Problem requirements
Below are records; extract exactly the lines from the one with "When I bought" through the final line, including both, but drop the pictures.

Top of Dataset records

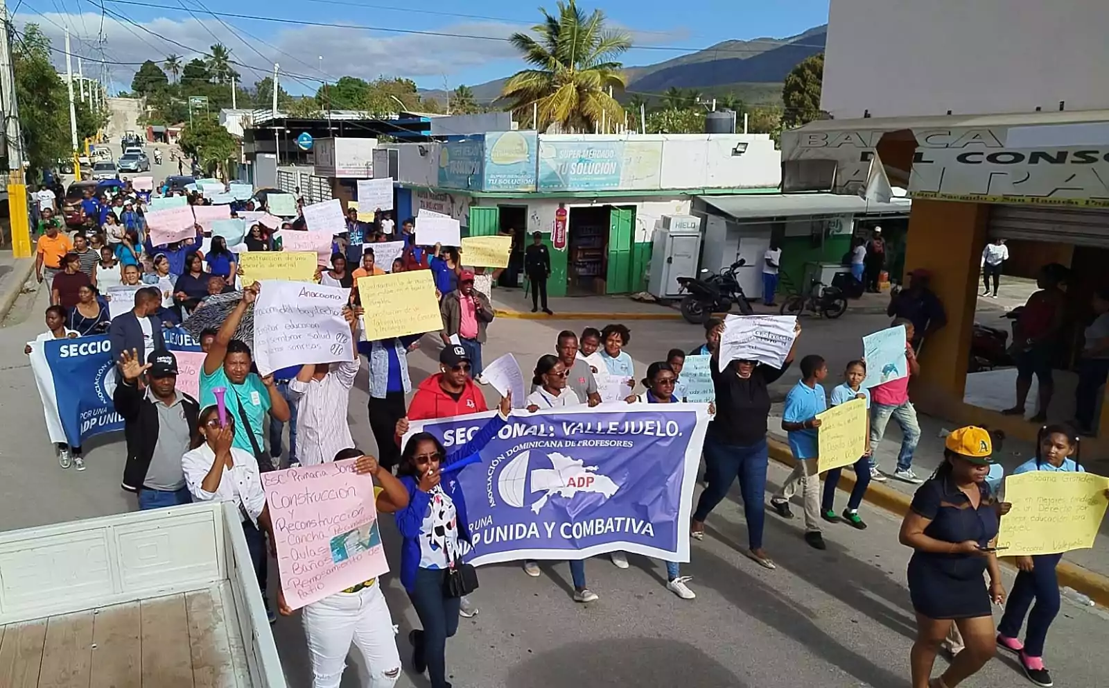 Directivos de la Asociación Dominicana de Profesores (ADP) junto a los representantes de las Unidades de Bases Sindicales y Pedagógicas, y de la Asociación de Padres, Madres, Tutores y Amigos de la Escuela (APMAE) del municipio de Vallejuelo realizaron una marcha, este jueves, por los problemas que aquejan a diversos centros educativos.
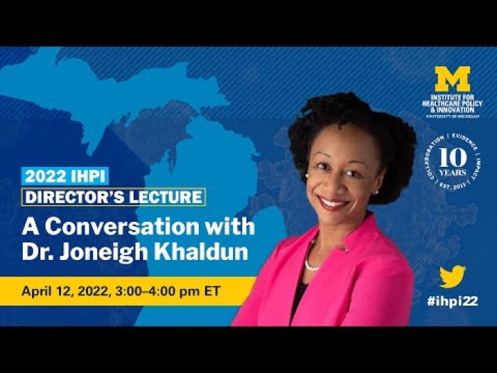 The talk, hosted by the U-M Institute for Healthcare Policy and Innovation, served as the 2021 IHPI Director's Lecture, and was introduced by IHPI director John Z. Ayanian, M.D., M.P.P.
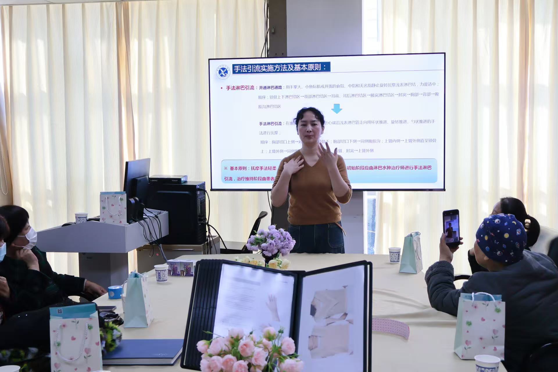 居家手法引流的实操环节,专业老师逐一对患者的手法、力度、路径进行指导,让“抽象的康复知识”变成了“手上能感知的动作”,许多患者当场就掌握了为自己“疏通淋巴”的技巧;
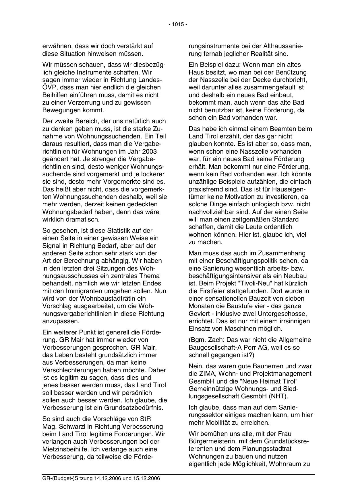 Ein weiterer Punkt ist generell die Förderung. GR Mair hat immer wieder von
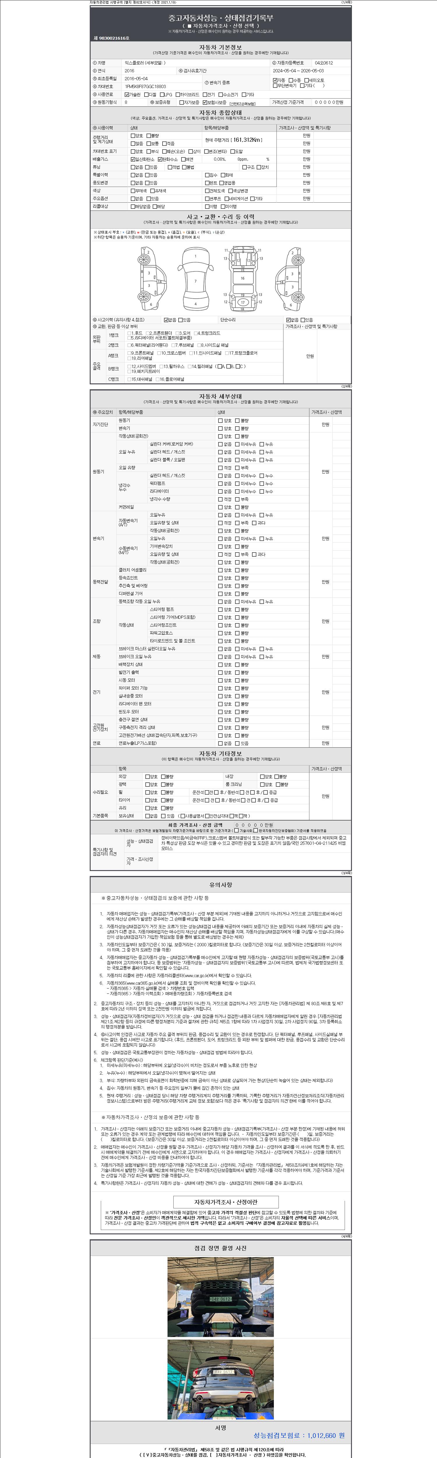 | 주행거리 | 161,312 km | 차량번호 | 04오0612 | 사고유무 | 성능기록부 참조 | 제시번호 | 제 2147483647 호 |
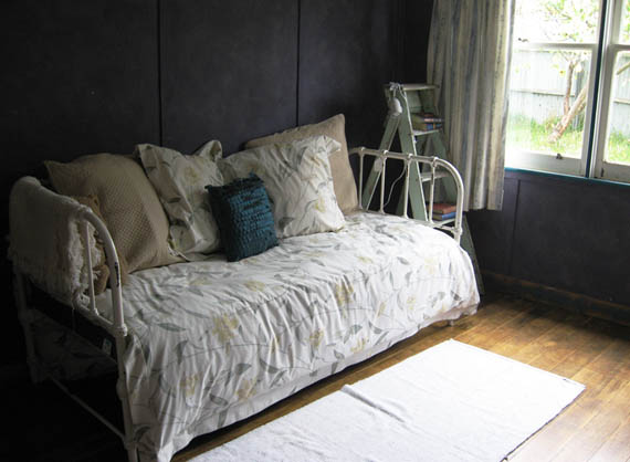 When I bought the house this room had a horrible carpet in it. I removed that and found some old lino, some old newspapers and a great timber floor! I used a hand sander to sand back any rough spots and then sealed it with polyurethane before moving my furniture in.
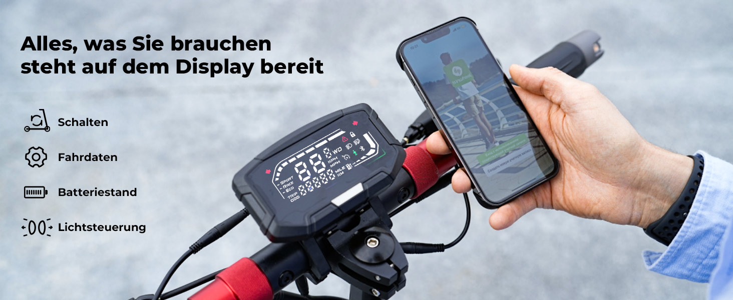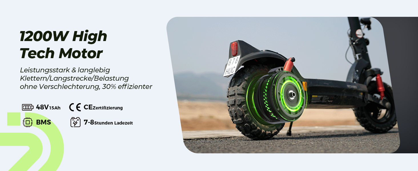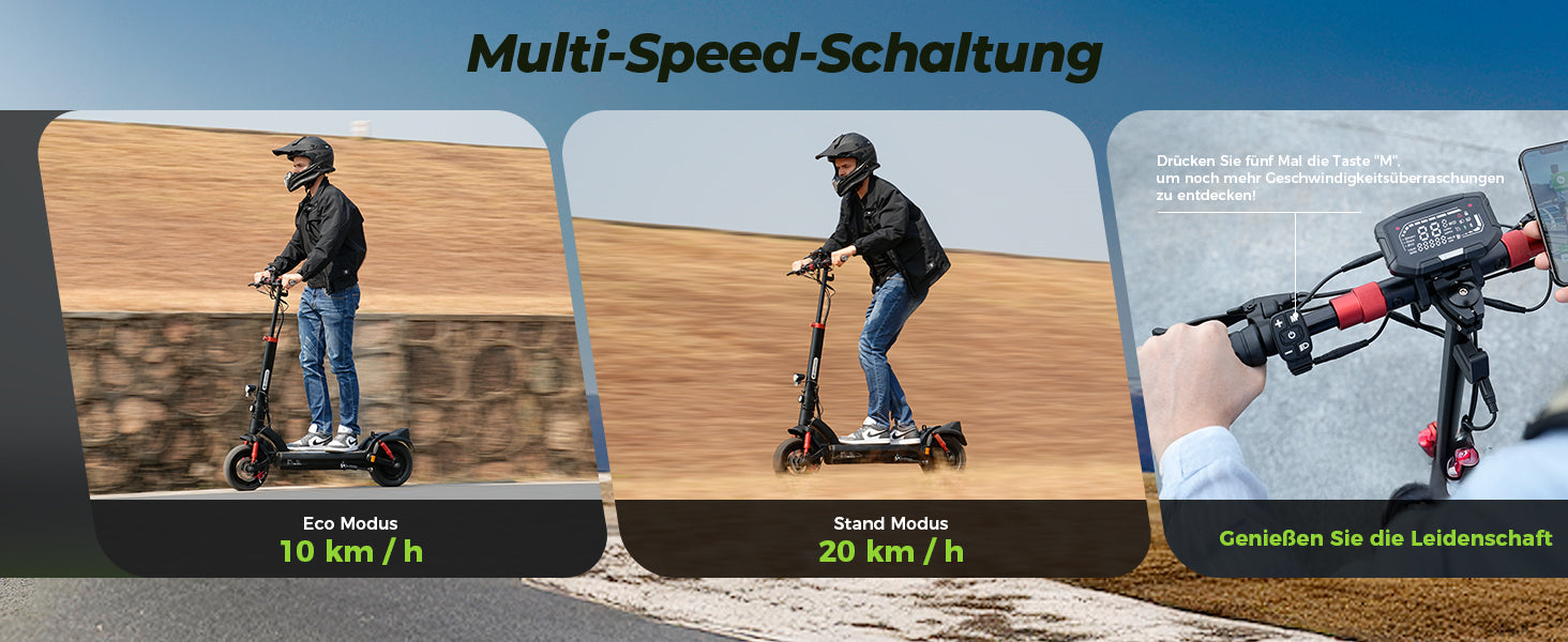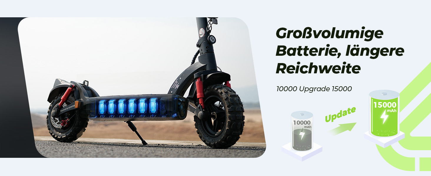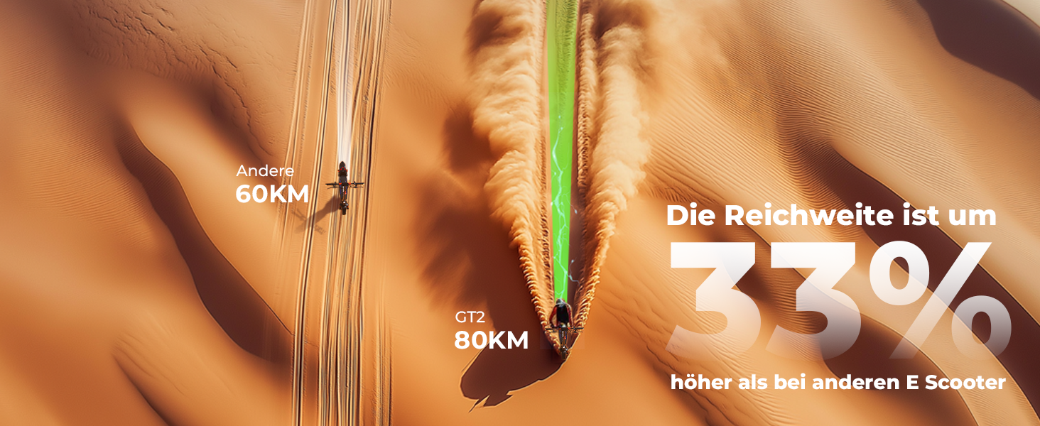 ▲Maximale Geschwindigkeit und Reichweite je nach Fahrstil und Gelände.

Bottom of Dataset records

Task result
 When I bought the house this room had a horrible carpet in it. I removed that and found some old lino, some old newspapers and a great timber floor! I used a hand sander to sand back any rough spots and then sealed it with polyurethane before moving my furniture in.
 ▲Maximale Geschwindigkeit und Reichweite je nach Fahrstil und Gelände.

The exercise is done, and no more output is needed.